De forma constante nos encontramos cambiando nuestros hábitos de vida (alimentación, actividad física, cultura, etc.) lo que condiciona nuestro futuro respecto a la salud, esto aunado a la creciente industria de investigación médica (genómica, de telecomunicaciones, farmacéutica…) y a los avances que le sobrevienen han configurado una nueva ideología respecto a nuestro entorno y las cosas que consideramos y en realidad son dañinas. Parece que entre más avanza la ciencia nos volvemos más ignorantes.

El día de hoy la muerte en salas de parto no es tan común como hace 50 años. Si alguien sufre una fractura de fémur y está al alcance de un personaje de bata blanca tampoco muere tan fácilmente por el estrés fisiológico, sangrado o por la subyacente inflamación.

Recordemos que el grado de mortalidad y morbilidad es un indicador de la calidad de atención y nivel de los distintos organismos encargados de resguardar la salud en las distintas partes del mundo.

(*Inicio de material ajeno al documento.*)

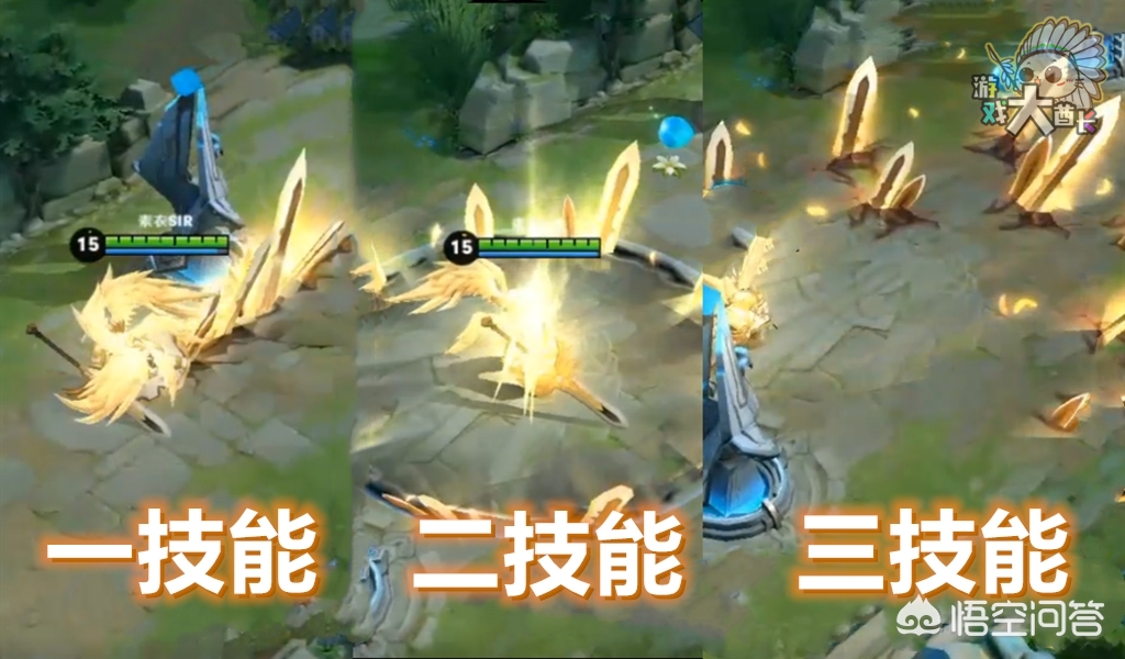 在技能方面依旧以金色为主,一技能地面上会出现几把金色的利剑。

¿Entonces de qué podemos morir?

En realidad de muchas cosas, condicionado por nuestro grado de marginación, cultura y economía entre otras como ya se mencionó. Pero en general se ha dejado de morir por pequeñeces, ahora las enfermedades nos hacen parte de ellas.

Hipertensión arterial, diabetes mellitus, cáncer.

Todos, si no tenemos un familiar con alguno de estos padecimientos por lo menos conocemos a alguien que si los tiene.

El mejor médico no es el que da infinidad de medicamentos para tratar de aliviar un síntoma o enfermedad (en ocasiones sólo para entretener al paciente para ver si el tiempo y el cuerpo hacen su trabajo y se cura a sí mismo) sino el que evita la enfermedad mediante la orientación, información y honestidad.

Es importante entonces, la difusión del conocimiento, tratar de derribar todas esas barreras que impiden que las personas gocen de buena salud en la medida de lo posible.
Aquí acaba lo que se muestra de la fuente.